In GPs example, the prior included the possibility that the coin was magnetic, etc. So it could not be represented by a single number.
> the prior distribution is a Bernoulli distribution
No, it isn't. The prior on the outcome of multiple tosses is a Bernoulli distribution, but the prior on the outcome of a single toss is a number. And for a fair coin, that number is 0.5 before you see the result, and it is either 0 or 1 after.
Note that "This coin will land/landed heads" is a different proposition than "this coin is a fair coin." The latter is much more problematic because it is hard to define what a "fair coin" is.
> your prior probability distribution was more complex
No. You are confusing my prior on a single proposition (a number) with the set of priors on all propositions which I have considered in my lifetime. The latter is obviously a set of numbers, one for each proposition.
> "the coin landed heads but I mistakenly observed tails"
Yes, that is two separate propositions:
1. The coin landed heads.
2. My senses are reliable.
All evidence must be assessed relative to some "background model", a set of propositions whose priors are very nearly 1. And it is also possible to model an infinite family of propositions about continuous properties, e.g. The length of that rod is between X and Y for any two real numbers X and Y. But none of this changes the fact that for any single proposition the prior is a number.
> it could not be represented by a single number
That depends on what you mean by "it". The probability that the coin landed heads certainly can be represented by a single number, as can the probability that the coin is magnetic. Two different propositions, hence two different priors.
That framing actually stops holding for continuous distributions. Like in a distribution on heights of people there isn't a probability or prior associated with a particular height. Probabilities are assigned to subsets of this distribution (sometimes called sigma algebras). Priors stands for prior distribution and it really is best to see Bayesian analysis as a machine that consumes probability distributions as input and spits out probability distributions as output.
> That framing actually stops holding for continuous distributions.
No, it doesn't. A continuous distribution is just a way of assigning probabilities to a parameterized set of propositions where the parameters are continuous and so the set is infinite. But for any given proposition in that set the prior is a number.
> Priors stands for prior distribution
No. Bayes's theorem is:
P(H|E) = P(E|H) * P(H) / P(E)
The "prior" is P(H) which is a probability, i.e. a number between 0 and 1, as are all the other "P" values. The "*" and "/" operations in Bayes's theorems are scalar multiplication and division.
> No, it doesn't. A continuous distribution is just a way of assigning probabilities to a parameterized set of propositions where the parameters are continuous and so the set is infinite. But for any given proposition in that set the prior is a number.
A continuous distribution does not assign probabilities to each proposition but subsets of them. To see this concretely consider the continuous Uniform distribution from 1 to 1.5. It will for all values of its support have a probability density of 2. Most people would not consider 2 a probability.
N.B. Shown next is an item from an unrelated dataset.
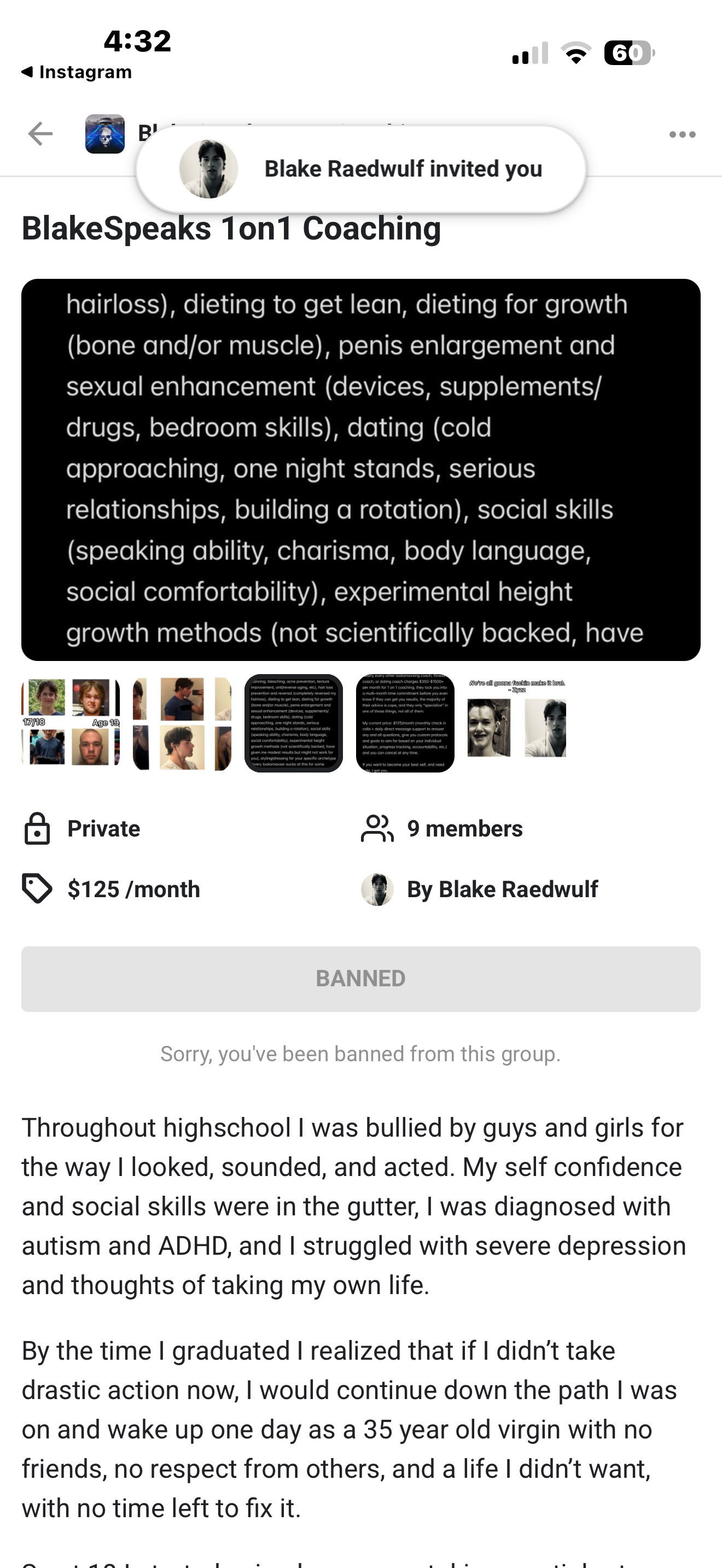I'm 15 and idc if you think it's retarded for me to buy a course or not. There is so much over information and I just wanted a 1-1 coach that could help me from my specific standpoint and I heard he had knowledge and was smart. I checked out his Skool and it didn't say anything about being 18 and I bought it, he did a call with me and talked to me for like a day on a hormone protocol. He then texted me the next day and said he couldn't help me with hormones further since I'm under 18 and was like alright and I like asked him again and he said if your parents are okay with it then sure whatever. So I like told him my parents were fine with it and I never heard back again I got blocked on Instagram and from the Skool group 😭 no refund $130 down the drain. He's now updated the Skool to say 18+ after that, it's just annoying.

For continuous distributions, Bayes's theorem becomes about probability densities and not probabilities.
> A continuous distribution does not assign probabilities to each proposition but subsets of them.
Nope. It assigns probabilities to individual propositions.
> Most people would not consider 2 a probability.
That's true, but in your example 2 is not a probability but a probability density, and a probability density is not the same as a probability. To get a probability out of a probability density you have to integrate. For each possible interval over which you could integrate there is a corresponding proposition whose probability of being true is exactly the value of the integral.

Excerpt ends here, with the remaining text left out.